The imagined lake: Storsjön, Sweden

To the south of the city of Borås in Sweden, there is a lake. It used to be three lakes, back before the 20th century brought with it the ever-increasing demands of a thirsty textile industry. The lake was imagined into existence. Someone stood and looked and saw and the possibility. They looked over a landscape of woodland and fields, three lakes surrounded by farms and crofts, and they imagined the tunnels and the dam, the water rising by ten metres. Imagination became reality. The three lakes slowly but surely met each other in the middle. Lake Storsjön was born.

Not that it is easy to tell this is an artificial lake, 107 year’s old, when you stand at the sandy beach close to the parking places and the clubhouse of the local cross-country skiing and running club that has trails leading out from here through the forests and around the lakeshore. At first you think you have found what it is you were looking for. A place hidden away from the modern world. Still wild. Forgotten. Timeless.

It isn’t, of course. And it wasn’t in 1910, when the lake was created. This landscape has been molded and shaped by human hands for thousands of years, and the traces remain.

We walk, following the trail closest to the lake in an anticlockwise direction. The end will be the beginning. We pass the remains of 19th century crofts, now used as overnight shelters in this nature reserve where the normal Swedish wild camping rules don’t apply. A wooden sign tells us that here, where a shallow stream passes over smooth, glistening pebbles, there was once a saw mill. Close by, the site of an 18th century copper smithy. Glacial erratics, which predate everything, have long been given religious names suggesting a significance otherwise forgotten as they stand between the tall pine trees close to the mossed-over ruins of charcoal kilns and a burner’s hut.

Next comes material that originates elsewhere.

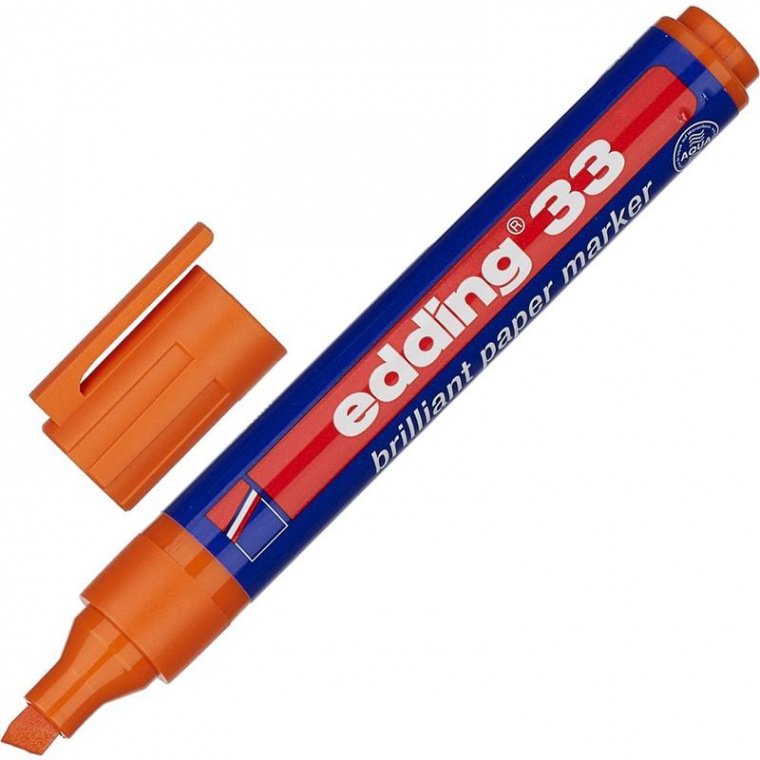 Пигментный маркер в пластиковом корпусе. Клиновидный наконечник обеспечивает толщину линии от 1 до 5 мм. Цвет — оранжевый.

Some of the traces in the landscape are as old as they come. A map – sun-faded in its plastic box at the car park – suggests that here, on the shore of Lake Storsjön, remnants of ironworks have been found that date back to 570 BC, some of the earliest dated sites of human activity anywhere in Sweden.

We are halfway around the lake, and we haven’t encountered another soul.

And then, of course – and as soon as the thought first enters the head – we do. People at the lookout points. People at the ecologically respectful picnic and barbecue spots. People on the path. Cheerful hellos as we pass on the footpath. Why shouldn’t we all smile at this moment? The sun emerges, shining in shafts through the streets and reflecting from the tiny, wind-blown waves on the lake. Alongside the beauty are the stories, and although the original wish might have for something wild, forgotten and timeless, the history of Lake Storsjön cannot help but add to the experience.

Near the end of the walk, a cave. The hideaway of a thief called Busa-Jan, born in 1710 as Johan Andersson in the Varnum Parish. He lived a wandering, roving life, chased by the 18th century Wallanders determined that he should pay for his many thefts and petty crimes. For a while he was a soldier in the Swedish Royal Guard, where he was given another name. So many identities. So many stories. Can we trust any of them? In 1758 it all caught up with him, in Jönköping and a long way from his cave south of Borås. Found guilty of his crimes, Busa-Jan was executed in the town square.

Ironworkers and charcoal-burners. Crofters and fishermen. Farmers and petty thieves. Hikers, joggers and orienteers. The many people of Lake Storsjön. Back where we started, we go for a swim. There is a family down by the water, and another couple getting ready to bathe, but otherwise it is quiet. The runners and the orienteers have left their cars in the car park and have long disappeared into the woods. We sit on the shore and look out across the water to where we have just walked, our gaze passing islands that were once gentle rises in cultivated fields, to where crofts had occupied clearings in the forest and the smoke from the charcoal-burner’s reached up towards the sky.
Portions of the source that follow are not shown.